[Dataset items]
+--

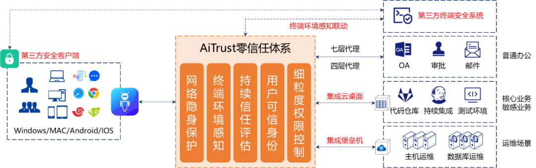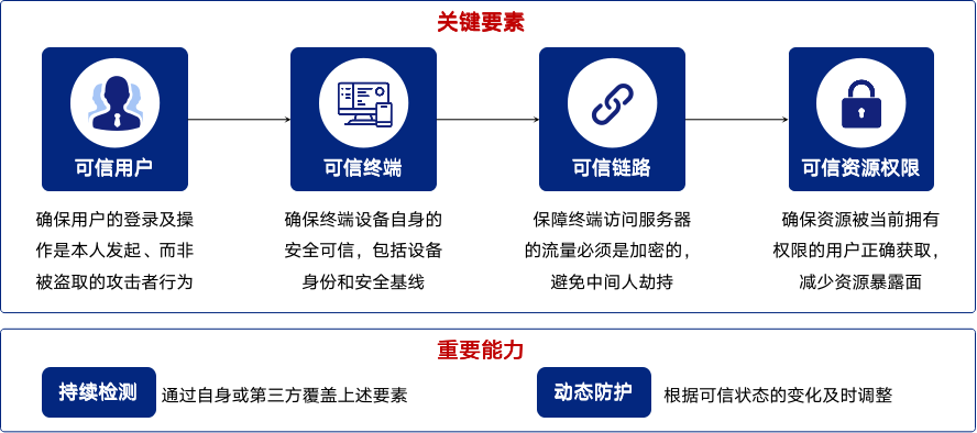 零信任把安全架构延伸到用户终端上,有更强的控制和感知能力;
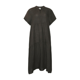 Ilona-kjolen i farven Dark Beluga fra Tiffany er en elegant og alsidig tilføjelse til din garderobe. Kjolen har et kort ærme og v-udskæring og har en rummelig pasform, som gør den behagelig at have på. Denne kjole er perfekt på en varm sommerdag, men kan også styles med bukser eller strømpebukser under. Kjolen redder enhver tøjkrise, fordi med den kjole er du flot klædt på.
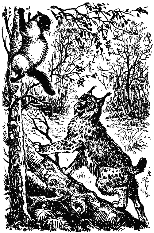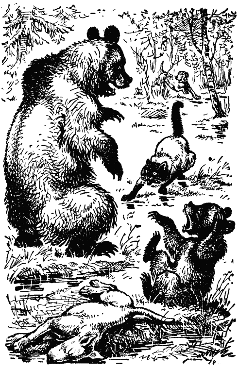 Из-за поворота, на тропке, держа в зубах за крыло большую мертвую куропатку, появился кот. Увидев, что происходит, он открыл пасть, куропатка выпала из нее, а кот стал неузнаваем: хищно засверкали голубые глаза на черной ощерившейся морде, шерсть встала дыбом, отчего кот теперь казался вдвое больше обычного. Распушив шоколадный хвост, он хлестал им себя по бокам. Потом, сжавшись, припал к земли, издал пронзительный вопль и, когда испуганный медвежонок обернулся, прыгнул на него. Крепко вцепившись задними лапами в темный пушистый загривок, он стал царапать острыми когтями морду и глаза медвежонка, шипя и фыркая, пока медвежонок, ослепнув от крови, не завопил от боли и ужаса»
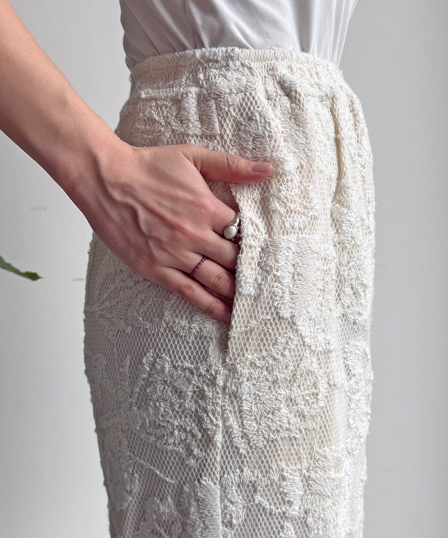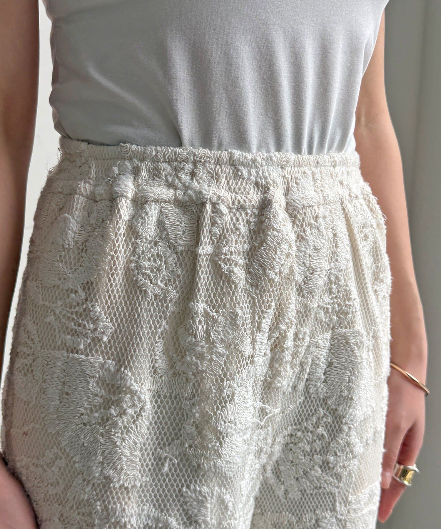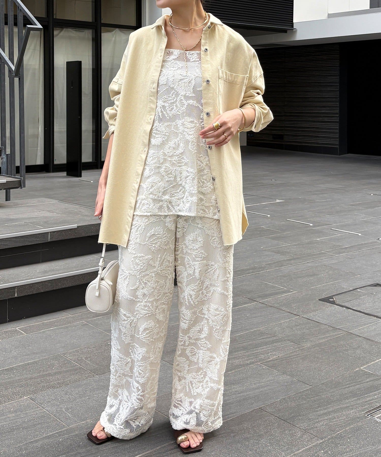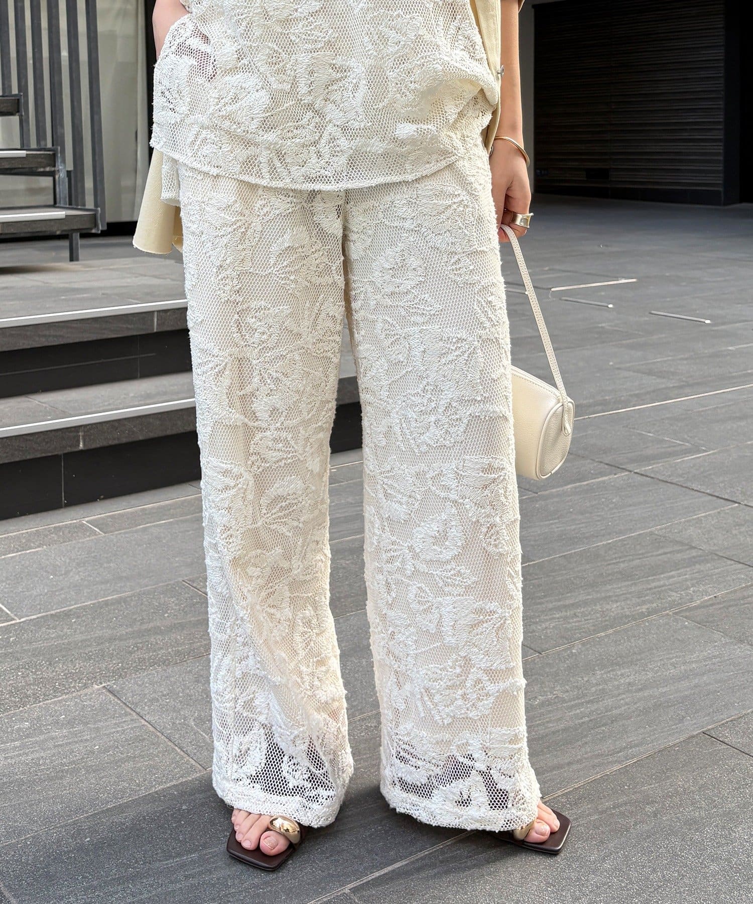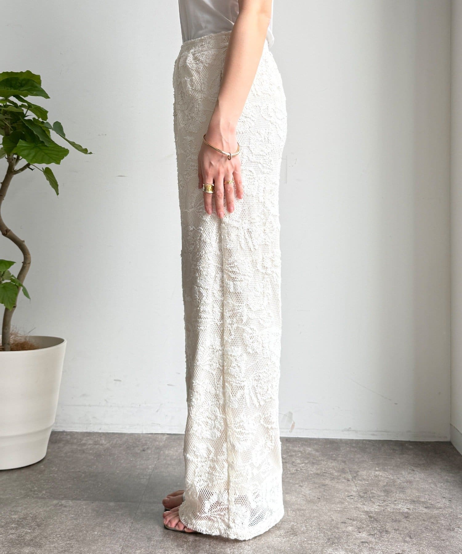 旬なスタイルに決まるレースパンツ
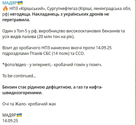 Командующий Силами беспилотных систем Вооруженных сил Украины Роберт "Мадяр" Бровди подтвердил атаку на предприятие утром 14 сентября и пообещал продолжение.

+--

— ABOUT THIS TASK —
In the copy, include every record exactly and no pictures.

— EXERCISE RESULT —
 零信任把安全架构延伸到用户终端上,有更强的控制和感知能力;
 Ilona-kjolen i farven Dark Beluga fra Tiffany er en elegant og alsidig tilføjelse til din garderobe. Kjolen har et kort ærme og v-udskæring og har en rummelig pasform, som gør den behagelig at have på. Denne kjole er perfekt på en varm sommerdag, men kan også styles med bukser eller strømpebukser under. Kjolen redder enhver tøjkrise, fordi med den kjole er du flot klædt på.
 Из-за поворота, на тропке, держа в зубах за крыло большую мертвую куропатку, появился кот. Увидев, что происходит, он открыл пасть, куропатка выпала из нее, а кот стал неузнаваем: хищно засверкали голубые глаза на черной ощерившейся морде, шерсть встала дыбом, отчего кот теперь казался вдвое больше обычного. Распушив шоколадный хвост, он хлестал им себя по бокам. Потом, сжавшись, припал к земли, издал пронзительный вопль и, когда испуганный медвежонок обернулся, прыгнул на него. Крепко вцепившись задними лапами в темный пушистый загривок, он стал царапать острыми когтями морду и глаза медвежонка, шипя и фыркая, пока медвежонок, ослепнув от крови, не завопил от боли и ужаса»
 旬なスタイルに決まるレースパンツ
 Командующий Силами беспилотных систем Вооруженных сил Украины Роберт "Мадяр" Бровди подтвердил атаку на предприятие утром 14 сентября и пообещал продолжение.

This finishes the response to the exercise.